Wayman v. Commonwealth

Opinion by

Judge Pryor:

It may be doubted whether the accused has any record before us from which an appeal could be taken.

The motion for a new trial was overruled, or the grounds dismissed for the reason that appellant had made his escape and was in no condition to submit himself to the action of the court. At a subsequent term, when again arrested, he is permitted to file his bill of exceptions, and to present his reasons why a new trial should be granted. This is certainly a liberal practice, and while this court is not disposed to sanction it, for the purposes of this case it is sufficient to notice the errors complained of in the court below.
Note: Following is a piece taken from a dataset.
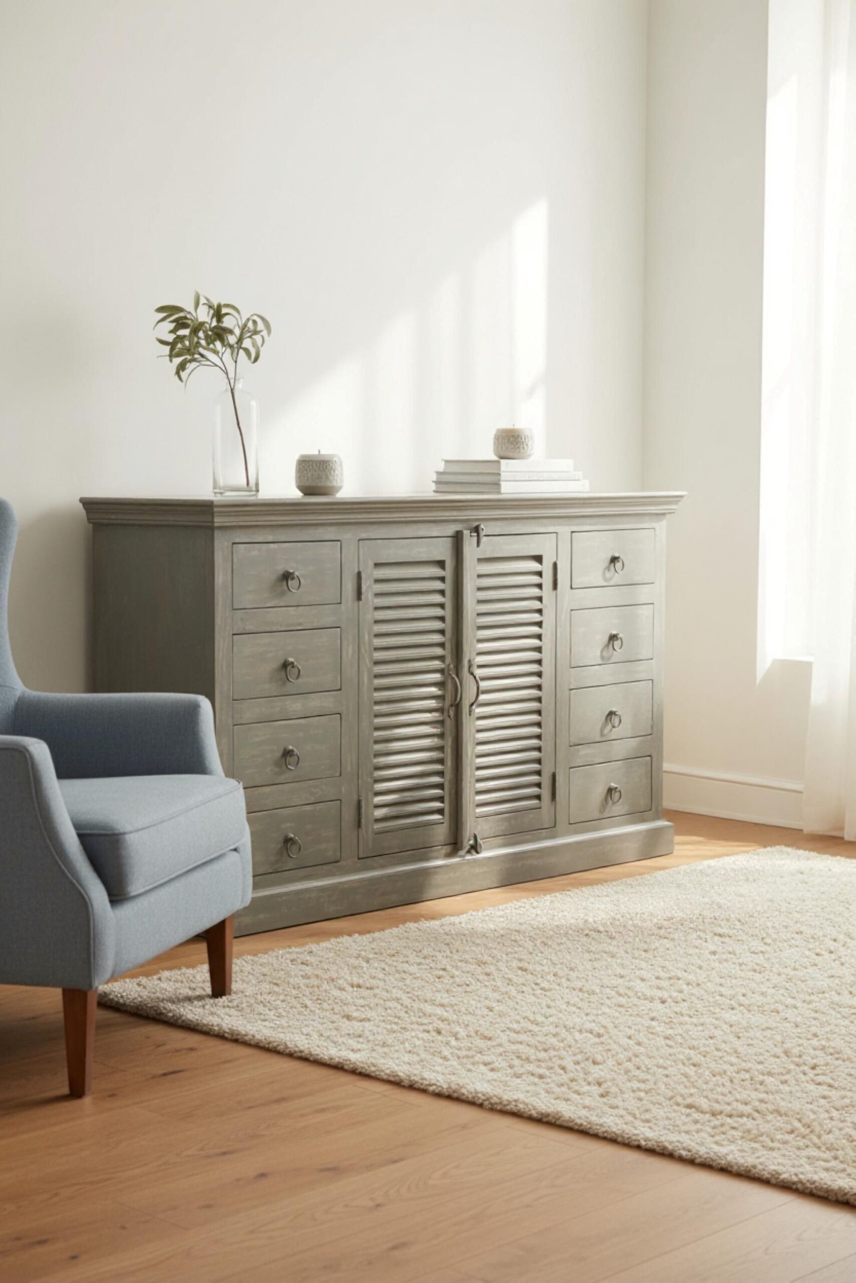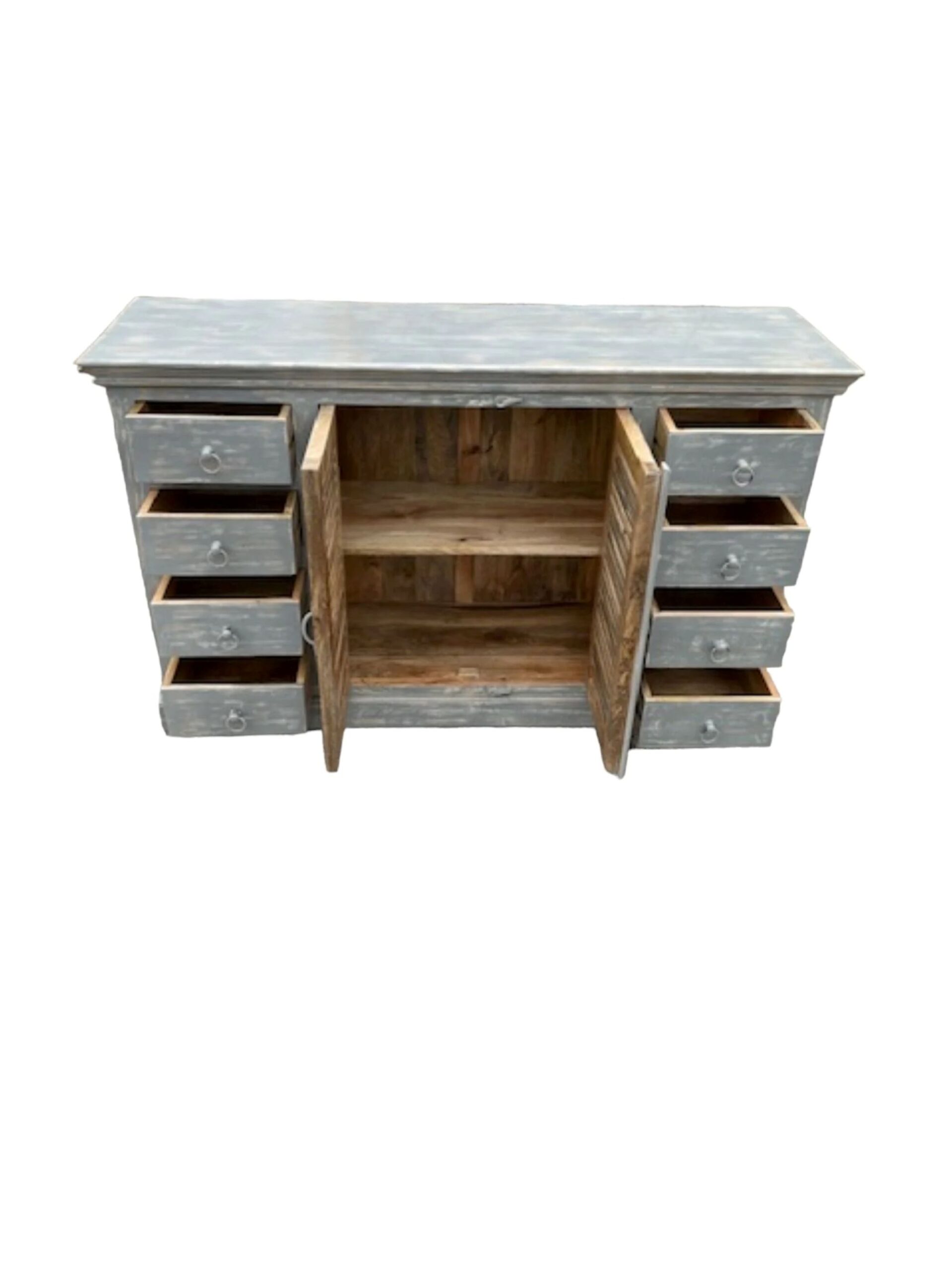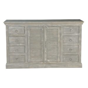 Farmhouse Mango Wood Sideboard Distressed 2 Shutter Door Buffet Media Cabinet Grey

.That the accused was prosecuted by another attorney than the regular attorney for the commonwealth cannot be assigned for error, and although Thompson is the commonwealth’s attorney for an adjoining district and prohibited from prosecuting elsewhere, he alone must suffer the penalty, if any, and his action, unless prejudicial to the accused, will not be considered. It is not pretended that any advantage was taken of the accused or his counsel, and the ability of Thompson as a lawyer and advocate affords no reason for granting a new trial or of withholding- the punishment for the offense committed.

That Newcomb and others were permitted to state that they were not present when the old man was murdered and knew nothing of it, did not prejudice the appellant nor conduce to show that he was the. guilty party; it only established the fact that the witnesses were not particeps criminis, and this the commonwealth had the right to prove; and although the effect of their statements tended to show that some one else than Sublett and Newcomb were the murderers, it by no means- followed that it was the appellant. An indirect attempt was made to prove that these witnesses were the criminals, and it was perfectly legitimate for the commonwealth to prove, either by these very parties or others, that it was impossible for them to have been present.

We see no objection to any of the instructions found in the record that were given by the court, nor any error in refusing those asked by the accused. All of the instructions are not before the court; still, with an incomplete record, we have, given the case a careful *113consideration and find no error in it prejudicial to the appellant, and the judgment must therefore be affirmed.

Winfrey & Winfrey, for appellant. Moss, for appellee.